Silero VAD Integration: Utilizes the state-of-the-art Silero VAD for accurate voice activity detection. FastAPI Framework: Leverages FastAPI for a high-performance, asynchronous web framework that's easy to use and ideal for building APIs.
- Python 3.8+
- FastAPI
- Silero VAD
- Clone repository
git clone https://github.com/Bronnzy/SileroVAD_FastApi.git
- Install the required packages:
pip install -r requirements.txt
- Start the FastAPI server
uvicorn vad_check_api:app --host 0.0.0.0 --port 4499
- Access the API documentation: Open your browser and navigate to http://localhost:4499/docs to explore the interactive API documentation provided by Swagger UI.
-
POST /vad_check/: Accepts audio/video buffer(blob) and indicates if speech detected and returns segments of detected speech.
- Request
- Content-Type: multipart/form-data
- Body: An audio file (e.g., WAV format) uploaded using a form field named 'file'.
- Response
- Content-Type: application/json
- Body: A JSON object containing:
- has_voice (bool): Indicates whether any speech was detected in the audio.

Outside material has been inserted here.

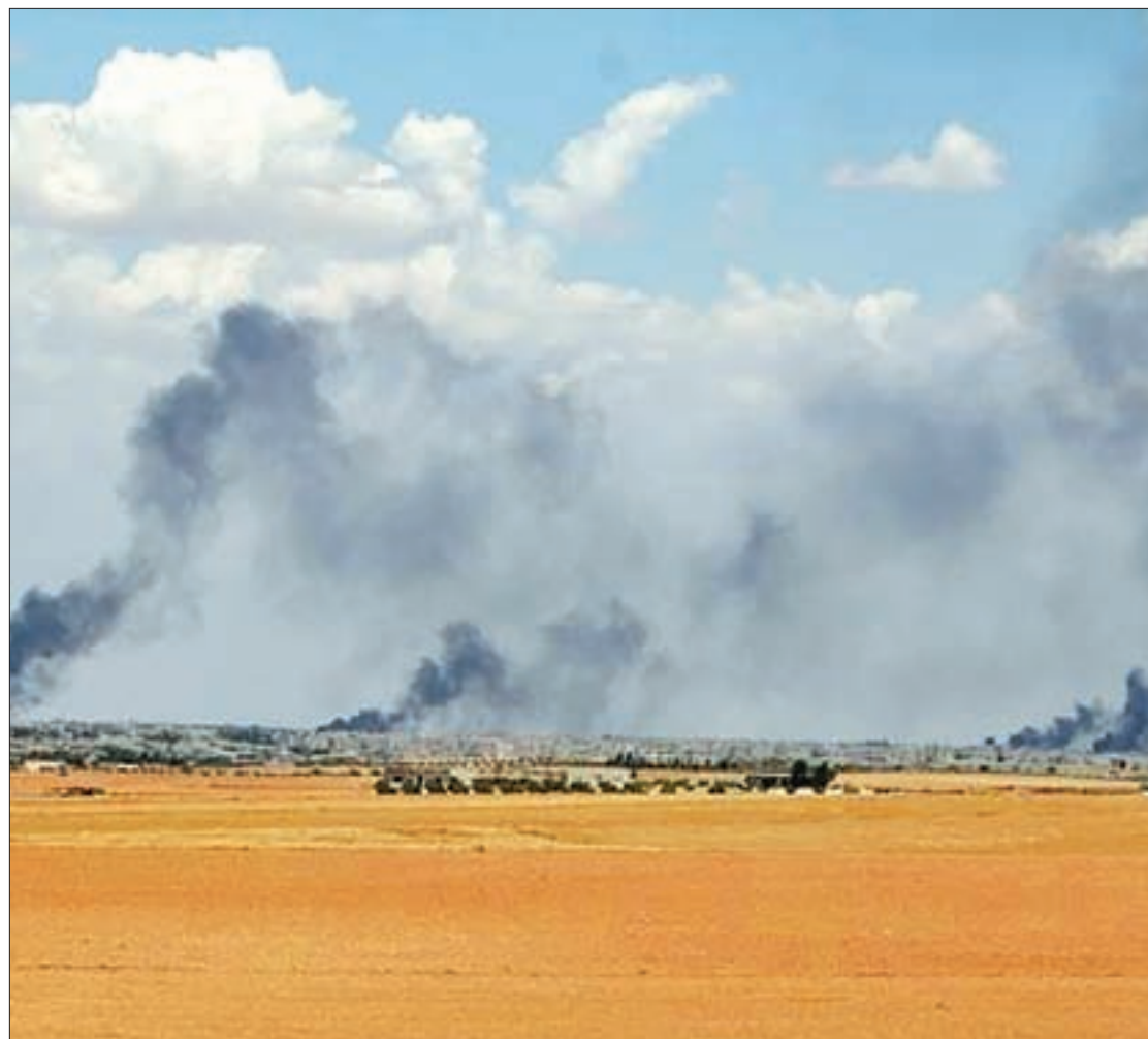
Smoke rises from Manbij city, Aleppo province, Syria on 8 June 2016.

Afghan officials say Pakistan backs the Taliban as a tool to limit the influence of its old rival, India, in Afghanistan. Pakistan says it is trying to encourage the Taliban to talk to the Kabul government but has limited sway over the militants.— Reuters

- speech_timestamps (list): A list of objects representing the start and end timestamps (in seconds) of detected speech segments..
- Request
-
POST /vad_check_file/: Accepts an audio/video file and indicates if speech detected and returns segments of detected speech.
- Request
- Content-Type: application/octet-stream
- Body: Raw binary audio data
- Response
- Content-Type: application/json
- Body: A JSON object containing:
- has_voice (bool): Indicates whether any speech was detected in the audio.
- speech_timestamps (list): A list of objects representing the start and end timestamps (in seconds) of detected speech segments
- Request